### Dataset records ###

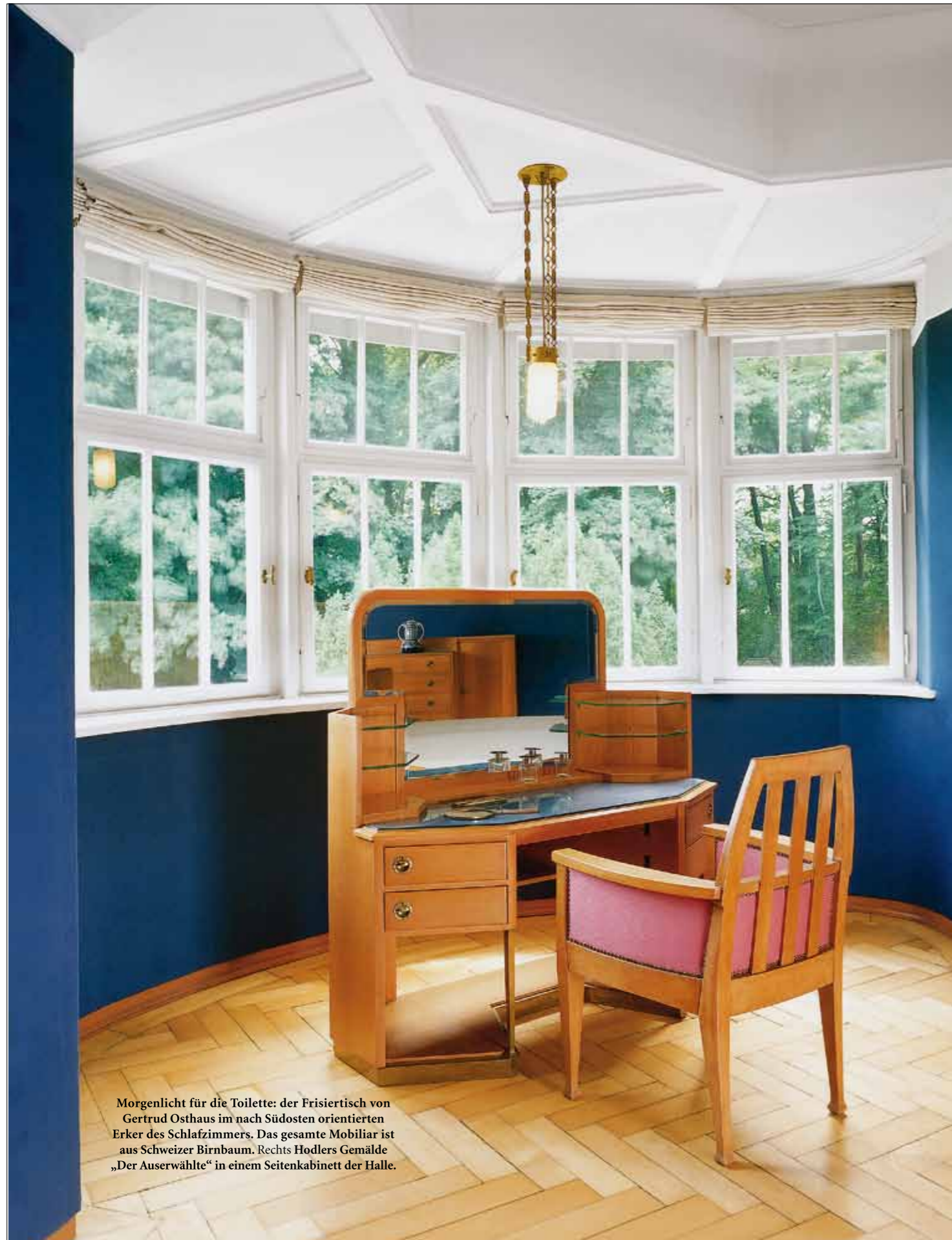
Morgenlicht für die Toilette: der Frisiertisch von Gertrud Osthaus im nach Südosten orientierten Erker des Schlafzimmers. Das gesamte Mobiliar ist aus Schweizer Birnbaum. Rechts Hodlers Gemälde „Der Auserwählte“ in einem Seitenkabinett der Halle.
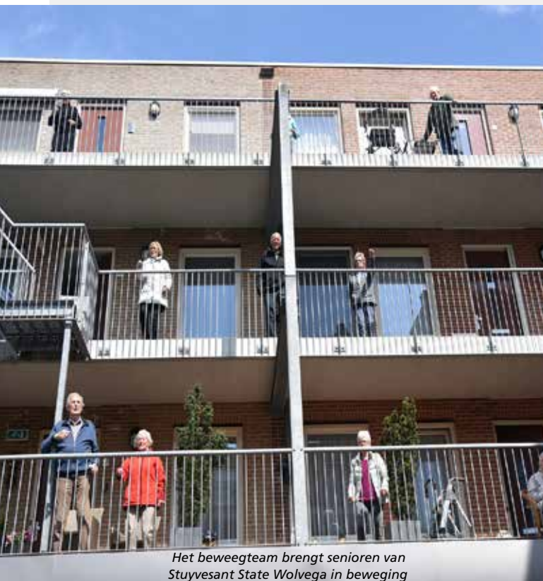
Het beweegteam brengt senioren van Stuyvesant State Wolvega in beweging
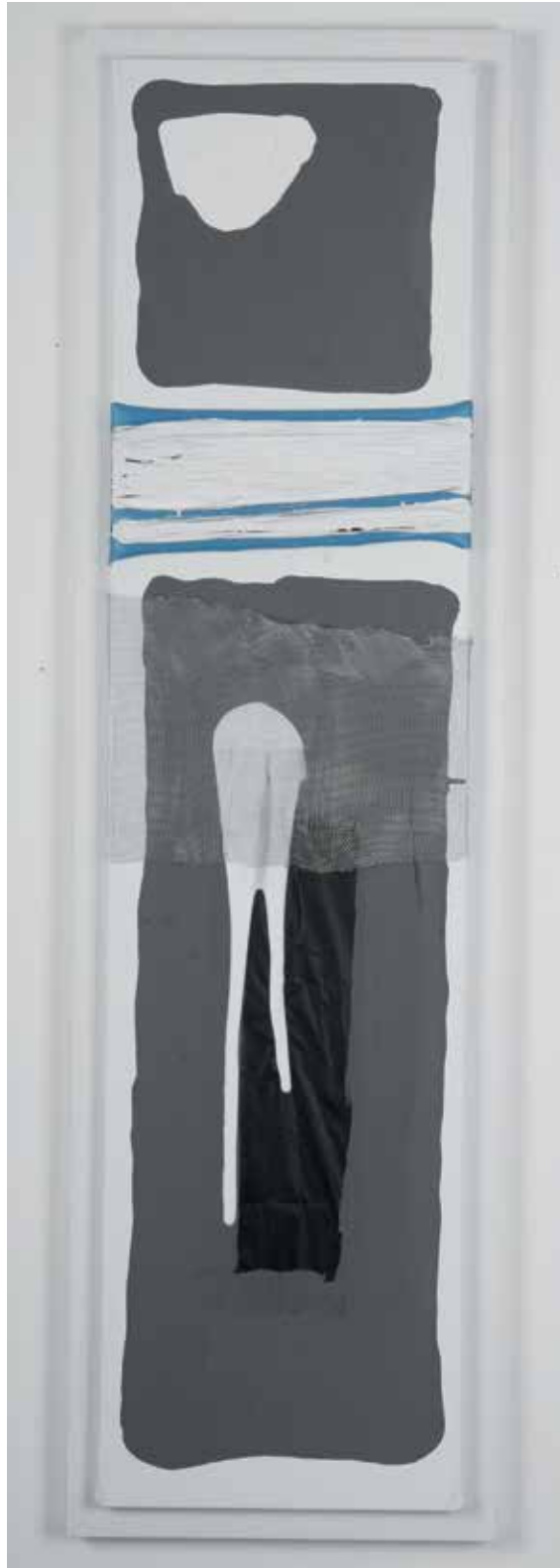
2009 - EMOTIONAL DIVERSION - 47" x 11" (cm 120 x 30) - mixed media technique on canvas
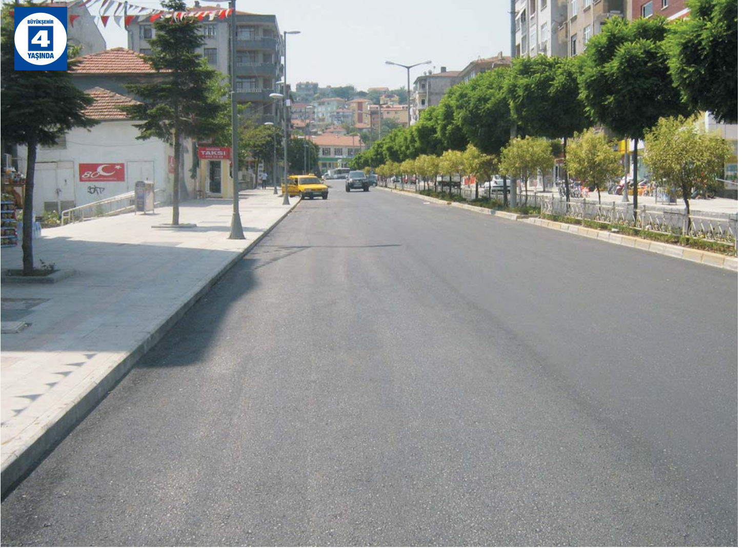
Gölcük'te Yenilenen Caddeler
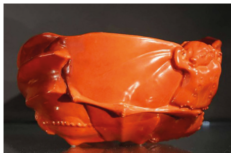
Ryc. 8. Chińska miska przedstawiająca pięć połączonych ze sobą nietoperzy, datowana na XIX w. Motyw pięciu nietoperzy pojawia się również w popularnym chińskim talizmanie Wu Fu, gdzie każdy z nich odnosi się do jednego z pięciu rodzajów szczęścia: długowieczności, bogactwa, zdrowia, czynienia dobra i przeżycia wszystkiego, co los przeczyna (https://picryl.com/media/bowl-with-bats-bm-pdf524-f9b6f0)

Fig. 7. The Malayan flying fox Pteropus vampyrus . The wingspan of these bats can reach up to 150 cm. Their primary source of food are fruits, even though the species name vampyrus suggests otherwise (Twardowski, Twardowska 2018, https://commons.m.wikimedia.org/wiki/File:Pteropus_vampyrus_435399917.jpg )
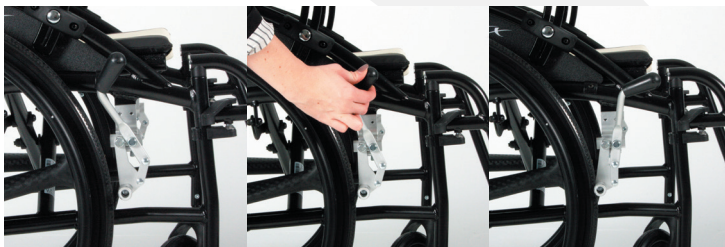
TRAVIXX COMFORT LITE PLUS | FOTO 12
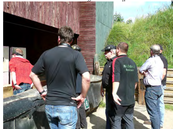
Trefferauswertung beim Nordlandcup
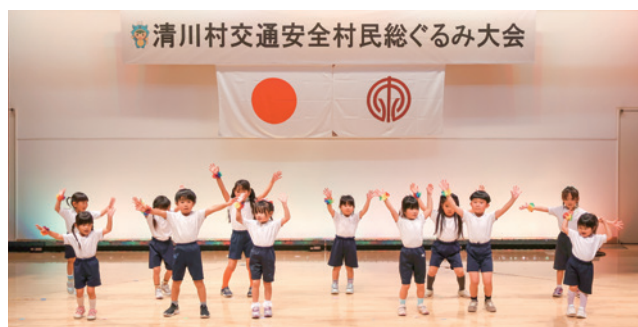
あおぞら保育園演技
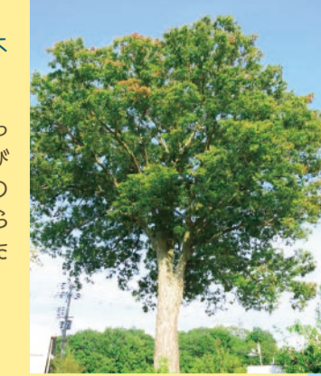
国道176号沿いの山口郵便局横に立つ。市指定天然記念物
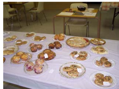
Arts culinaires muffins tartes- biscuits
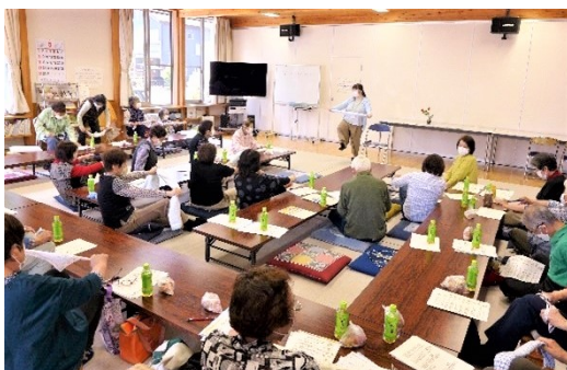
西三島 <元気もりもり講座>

###

▶ _Work required_
Could you restate all of the data above word for word and skip every picture?

▶ _Answer section_
Morgenlicht für die Toilette: der Frisiertisch von Gertrud Osthaus im nach Südosten orientierten Erker des Schlafzimmers. Das gesamte Mobiliar ist aus Schweizer Birnbaum. Rechts Hodlers Gemälde „Der Auserwählte“ in einem Seitenkabinett der Halle.
Het beweegteam brengt senioren van Stuyvesant State Wolvega in beweging
2009 - EMOTIONAL DIVERSION - 47" x 11" (cm 120 x 30) - mixed media technique on canvas
Gölcük'te Yenilenen Caddeler
Ryc. 8. Chińska miska przedstawiająca pięć połączonych ze sobą nietoperzy, datowana na XIX w. Motyw pięciu nietoperzy pojawia się również w popularnym chińskim talizmanie Wu Fu, gdzie każdy z nich odnosi się do jednego z pięciu rodzajów szczęścia: długowieczności, bogactwa, zdrowia, czynienia dobra i przeżycia wszystkiego, co los przeczyna (https://picryl.com/media/bowl-with-bats-bm-pdf524-f9b6f0)

Fig. 7. The Malayan flying fox Pteropus vampyrus . The wingspan of these bats can reach up to 150 cm. Their primary source of food are fruits, even though the species name vampyrus suggests otherwise (Twardowski, Twardowska 2018, https://commons.m.wikimedia.org/wiki/File:Pteropus_vampyrus_435399917.jpg )
TRAVIXX COMFORT LITE PLUS | FOTO 12
Trefferauswertung beim Nordlandcup
あおぞら保育園演技
国道176号沿いの山口郵便局横に立つ。市指定天然記念物
Arts culinaires muffins tartes- biscuits
西三島 <元気もりもり講座>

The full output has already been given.